In October 2003, British Airways flew Concorde from New York’s JFK to London Heathrow at a top speed of 1,354mph for its last voyage. The market for a plane that could travel at twice the speed of sound had disappeared.
Sixteen years later, a race is on to bring it back.
Several aerospace companies are working on a revival of supersonic commercial passenger planes that can fly at more than 660 miles an hour at above 30,000 feet. The start-ups are looking at planes that could fly at 1,000mph, 1,500mph, and even 3,500mph, or Mach 5, five times the speed of sound.
At such a speed, the trip from London to New York would take a little over 90 minutes, leaving passengers barely enough time to watch a full film. The typical journey time at present is seven hours.
The projects have been met with scepticism from experts who believe tickets will be too expensive to make flights viable, however. Concorde burnt twice as much fuel as a Boeing 747 and carried a quarter of the number of passengers and its prices meant that it was mostly restricted to rock stars, actors and chief executives. Most of the supersonic jets being designed today will carry even fewer passengers, ranging between 12 and 70 people.
That has not stopped such companies amassing funding from investors keen not to miss out on a potential revolution in long-haul travel. Some of the groups are also working in partnership with established plane makers such as Boeing and Lockheed Martin.
Most of the supersonic jets
being designed today will carry between 12 and 70 people.
In Atlanta, a one-year-old start-up called Hermeus has just received undisclosed funding from the American venture firm Khosla Ventures to create a plane that can travel at between 3,500 and 3,800mph.
The company is made up of aerospace engineers who met working on a hypersonic rocket plane for the US air force. They had all been part of the Amazon founder Jeff Bezos’s Blue Origin space exploration venture or Elon Musk’s space rocket firm SpaceX. The speeds on Hermeus planes would be so fast that passengers would probably be pushed back into their seat for the first 15 minutes of a journey that would reach a much greater altitude than a conventional plane, about 90,000ft.
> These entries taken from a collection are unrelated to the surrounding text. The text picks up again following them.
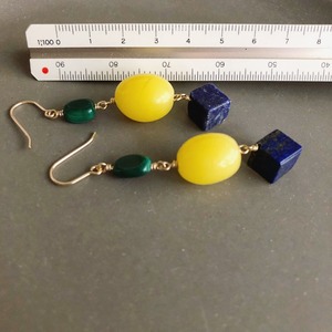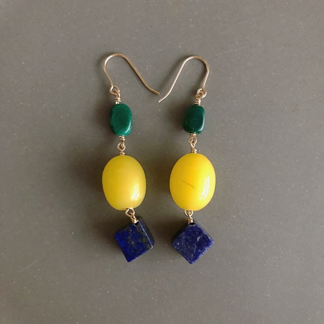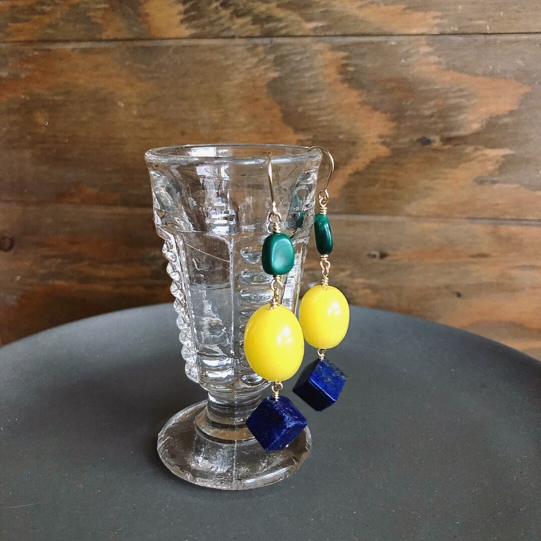 少し大きめの黄色がきれいなアンティークガラスパーツと藍色のラピスラズリ、深い緑のマラカイトを合わせ、大人っぽく仕上げました。
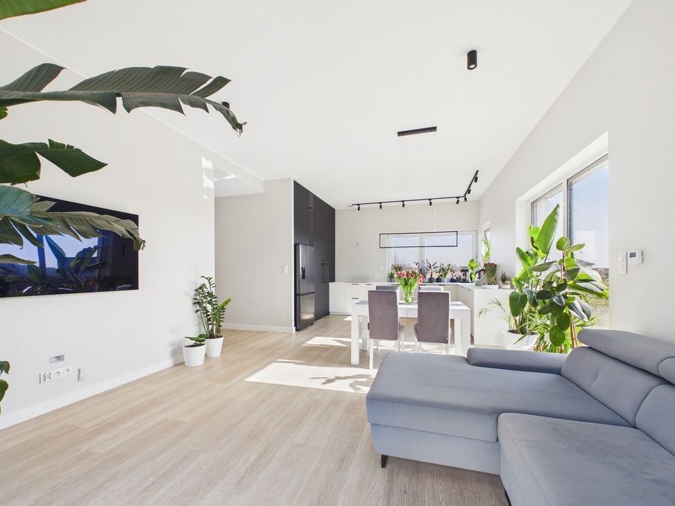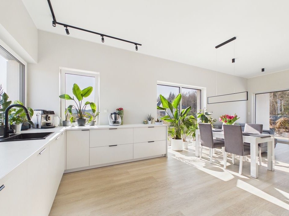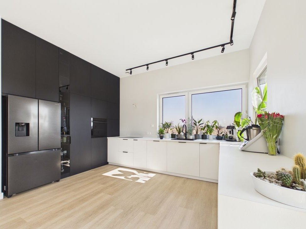- otwarta kuchnia (ze spiżarnią, schowaną za jakościową zabudową), wyposażona w wysokiej jakości sprzęty (płytę indukcyjną, piekarnik, zmywarkę, dużą lodówkę z zamrażarką)
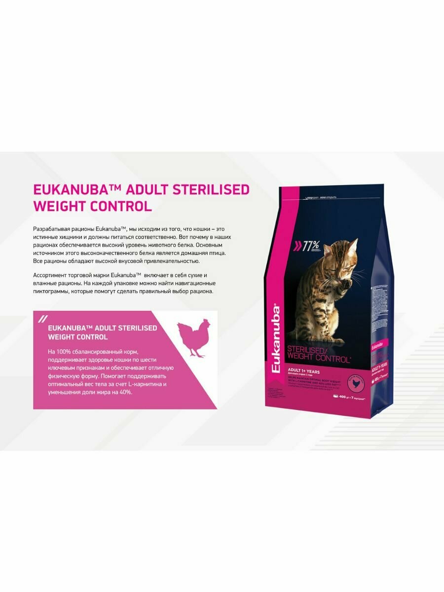 EUKANUBA CAT ADULT STERILISED/WEIGHT CONTROL диетический для взрослых кошек, кастрированных и стерилизованных кошек с птицей (0,4 кг)
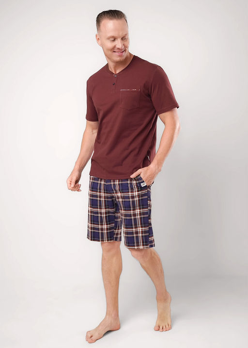 Набор мужской для дома состоящий из футболки и шорт. Футболка из кулирной глади с функциональной планкой, коротким рукавом и карманом. Шорты из клетчатого трикотажа с карбоном на эластичном поясе с функциональными карманами и шнуром.
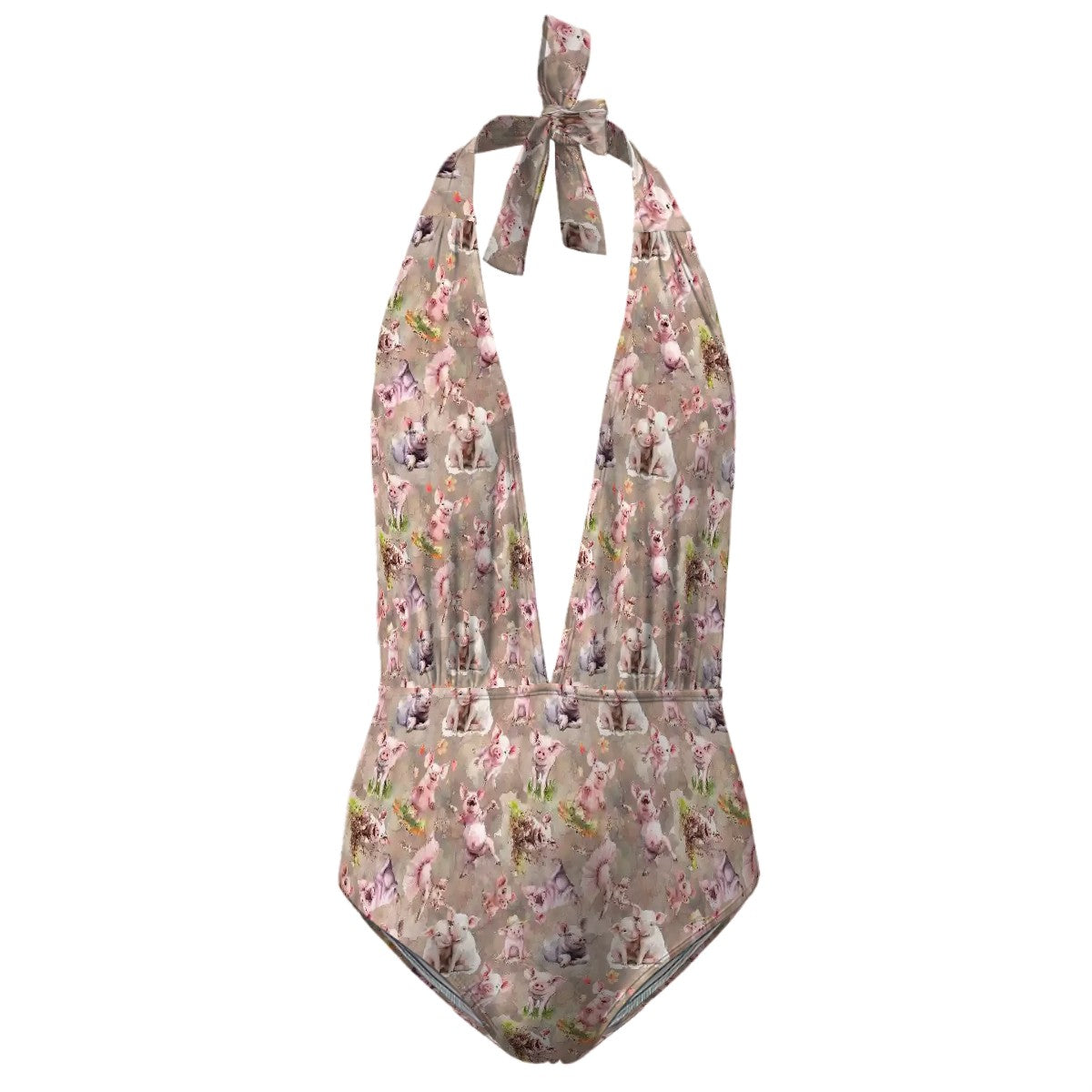 10 Animal Designs, Women’s Deep V One Piece Swimsuit
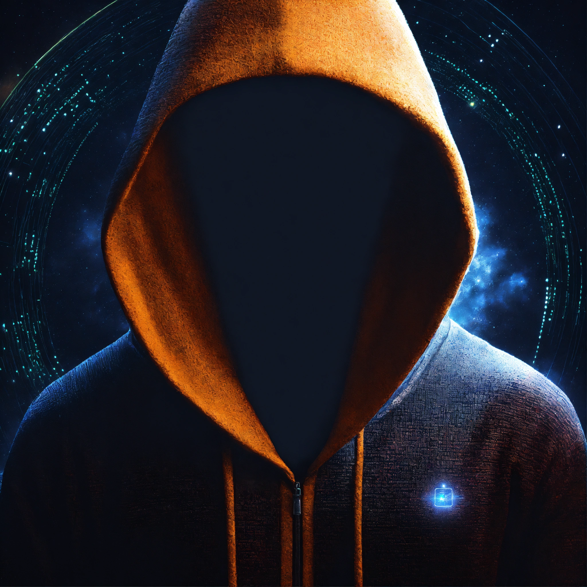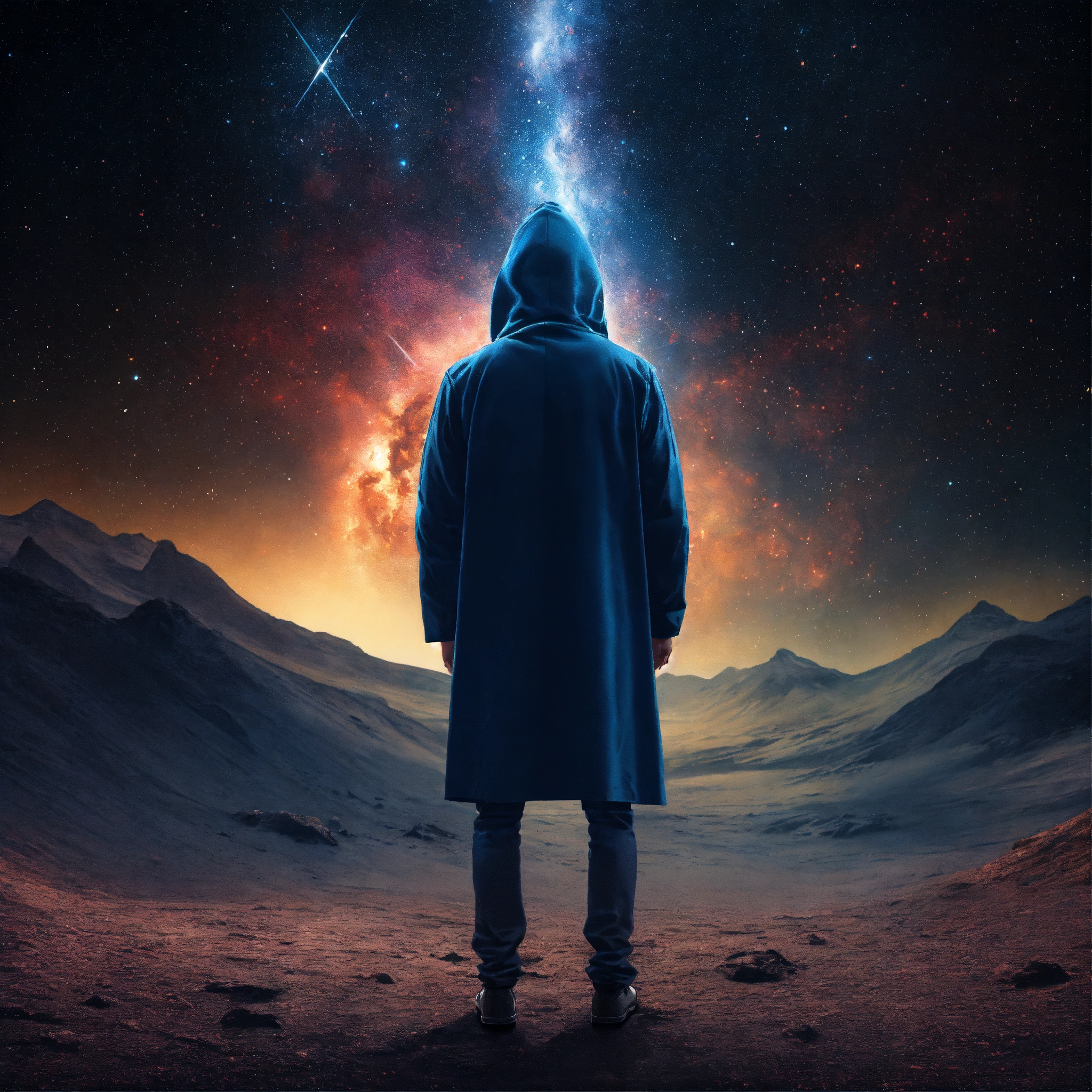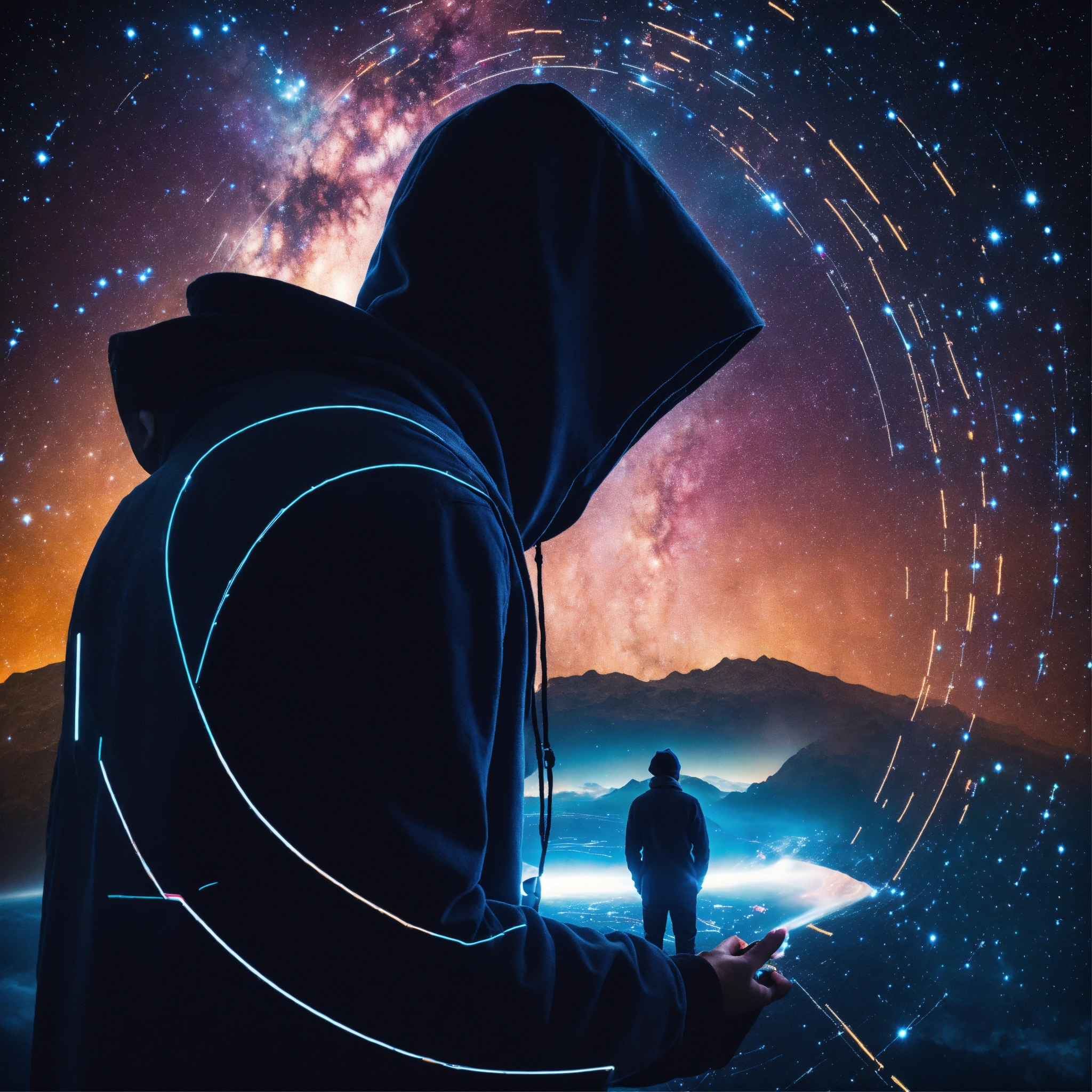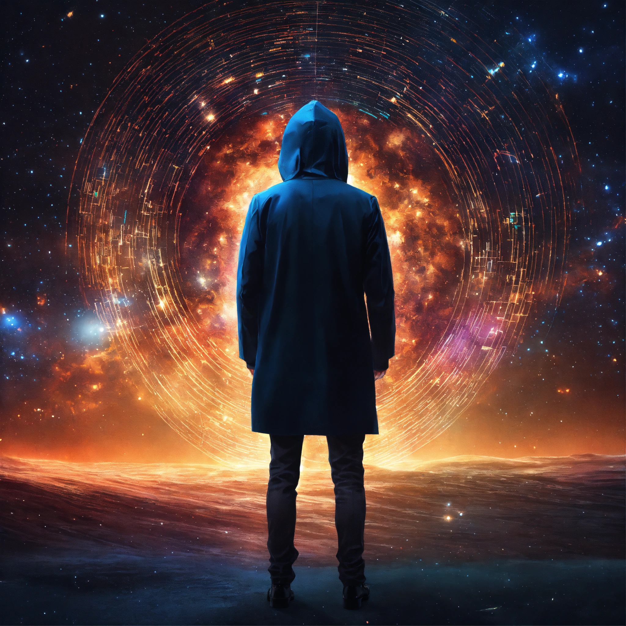 Un homme vu de dos avec une capuche dans un univers galactique et une ligne de code informatique

At such a height, the air is thinner so there is less resistance in the atmosphere. The sheer speed of the plane also means that the dynamic pressure on the aircraft would be so intense that flying at 30,000ft would probably cause the plane to disintegrate. AJ Piplica, co-founder of Hermeus, expects the plane to be commercially ready within a decade. He said: “We want to do something that will change the way the world works and this is it.”
Over in Denver, a five-year-old start-up called Boom is creating a commercial passenger plane called Overture that will travel at speeds of Mach 2.2, or roughly 1,451mph and would seat 55 to 75 people. The company believes it will enter service by the mid 2020s.
Viability Uncertain
Boom has said it will need to raise $6 billion to get the plane to market but has announced orders for 30 planes from Japan Airlines and Virgin Group.
Experts are not sure about its viability. Bob van der Linden, of the Smithsonian Institution, said the cost of fuel needed to travel at such speeds means cabin sizes would remain small. The jets are likely to burn three to four times as much fuel per business-class passenger as standard planes.
“Concorde failed because it was not an economically viable business model, the tickets were too expensive,” Mr Van der Linden said. “There have been no technological breakthroughs since then that will enable an airplane to go supersonically for the same amount or less money than a subsonic airliner.”
Such flights emit a loud continuous “sonic boom”, which can even jolt buildings, and most countries have banned supersonic jets from flying at such speeds over land, wiping out many of the world’s viable airline routes.
However, Nasa has started work on a supersonic aircraft called the X-Plane that may have a mild enough boom for citizens to bear flights over cities and towns, which they will test in 2021.